其中accepts和closes两个管道,前者用于传递接受到的连接请求,后者用于用于关闭该 MultiplexTransport.conns是一个链接的集合,用于存储查找”连接及其所有 ip 的表”,具体内容在conn_set.go文件中,可自行阅读。connFilters用于过滤链接,默认实现ConnDuplicateIPFilter函数的功能为过滤重复 IP,resolver是一个 golang 提供的用于解析 ip 地址的工具.接下来具体看之前提到的几个核心函数的实现.

首先是,accept函数,通过解析peerconfig,利用wrapPeer获取并构建peer.

// Accept implements Transport.
func (mt *MultiplexTransport) Accept(cfg peerConfig) (Peer, error) {
 select {
 // This case should never have any side-effectful/blocking operations to
 // ensure that quality peers are ready to be used.
 case a := <-mt.acceptc:
  if a.err != nil {
   return nil, a.err
  }

  cfg.outbound = false

  return mt.wrapPeer(a.conn, a.nodeInfo, cfg, a.netAddr), nil
 case <-mt.closec:
  return nil, ErrTransportClosed{}
 }
}

func (mt *MultiplexTransport) wrapPeer(
 c net.Conn,
 ni NodeInfo,
 cfg peerConfig,
 socketAddr *NetAddress,
) Peer {

 persistent := false
 if cfg.isPersistent != nil {
  if cfg.outbound {
   persistent = cfg.isPersistent(socketAddr)
  } else {
   selfReportedAddr, err := ni.NetAddress()
   if err == nil {
    persistent = cfg.isPersistent(selfReportedAddr)
   }
  }
 }

 peerConn := newPeerConn(
  cfg.outbound,
  persistent,
  c,
  socketAddr,
 )

 p := newPeer(
  peerConn,
  mt.mConfig,
  ni,
  cfg.reactorsByCh,
  cfg.msgTypeByChID,
  cfg.chDescs,
  cfg.onPeerError,
  cfg.mlc,
  PeerMetrics(cfg.metrics),
 )

 return p
}

接下来是dial函数,用于构建连接,首先通过netadress.go的DialTimeout函数在指定时间内构建连接,然后通过filterConn对连接进行过过滤并利用resolveIPs解析 ip 地址,接下来通过upgrade函数尝试将连接通过证书升级加密,并利用handshake函数进行握手,最终建立连接.

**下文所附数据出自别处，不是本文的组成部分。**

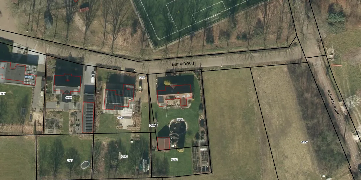 Binnenweg 18 is gelegen op kadastraal perceel HEE02B7910. Deze kadastrale aanduiding is uniek en wordt gebruikt door het Kadaster om eigendomsrechten en andere zakelijke rechten vast te leggen. Het perceel maakt onderdeel uit van de kadastrale gemeente Heesch.
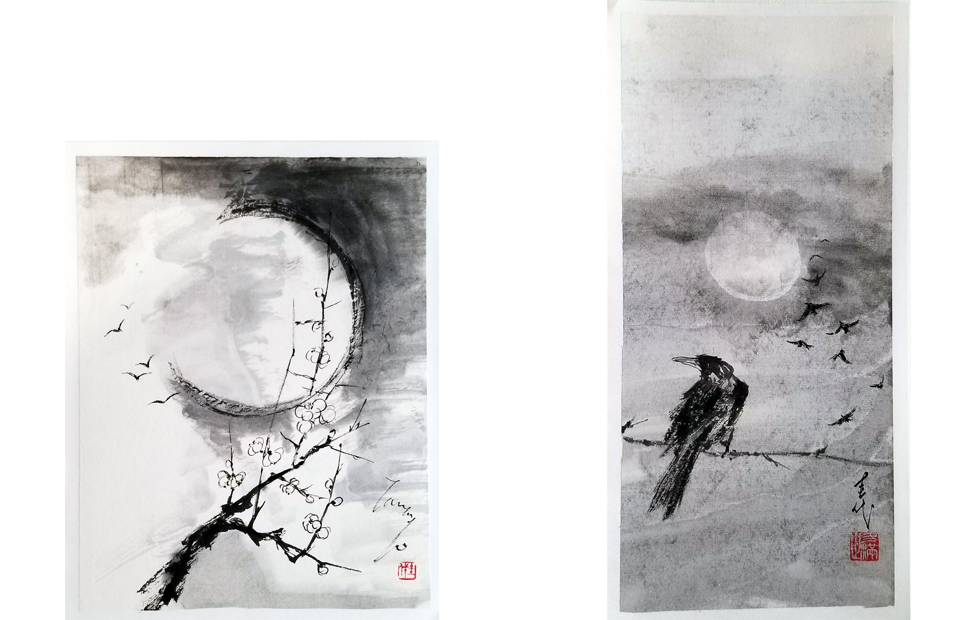 鮫島圭代 《月に梅》 《月に烏》 いずれも紙本墨画 2025年
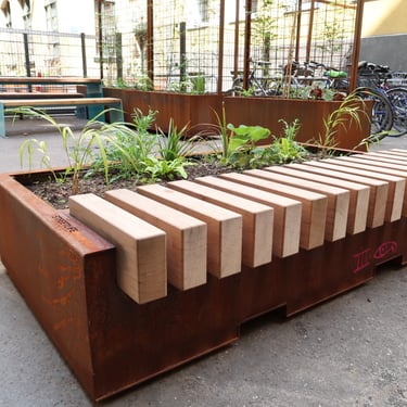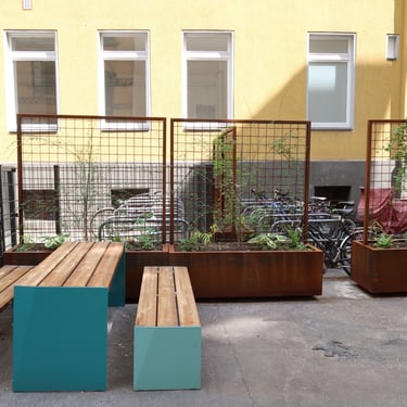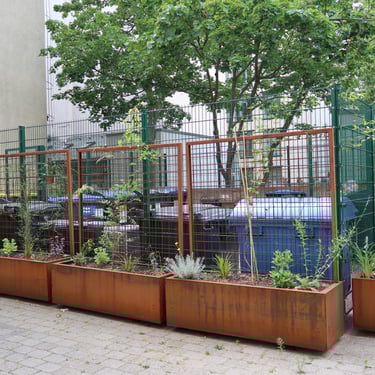 Kübelbepflanzung, Stadtmobiliar, Fahrradständer, gewerblicher Müllplatz und Gestaltung urbaner Lebensräume
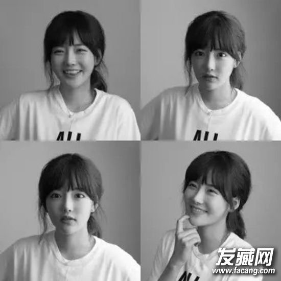 韩国妹子的齐刘海减龄发型,幅度很宽,中间短两边长,完美修饰脸型,肉肉脸一样也适合。

// Dial implements Transport.
func (mt *MultiplexTransport) Dial(
 addr NetAddress,
 cfg peerConfig,
) (Peer, error) {
 c, err := addr.DialTimeout(mt.dialTimeout)
 if err != nil {
  return nil, err
 }

 // TODO(xla): Evaluate if we should apply filters if we explicitly dial.
 if err := mt.filterConn(c); err != nil {
  return nil, err
 }

 secretConn, nodeInfo, err := mt.upgrade(c, &addr)
 if err != nil {
  return nil, err
 }

 cfg.outbound = true

 p := mt.wrapPeer(secretConn, nodeInfo, cfg, &addr)

 return p, nil
}

func (mt *MultiplexTransport) filterConn(c net.Conn) (err error) {
 defer func() {
  if err != nil {
   _ = c.Close()
  }
 }()

 // Reject if connection is already present.
 if mt.conns.Has(c) {
  return ErrRejected{conn: c, isDuplicate: true}
 }

 // Resolve ips for incoming conn.
 ips, err := resolveIPs(mt.resolver, c)
 if err != nil {
  return err
 }

 errc := make(chan error, len(mt.connFilters))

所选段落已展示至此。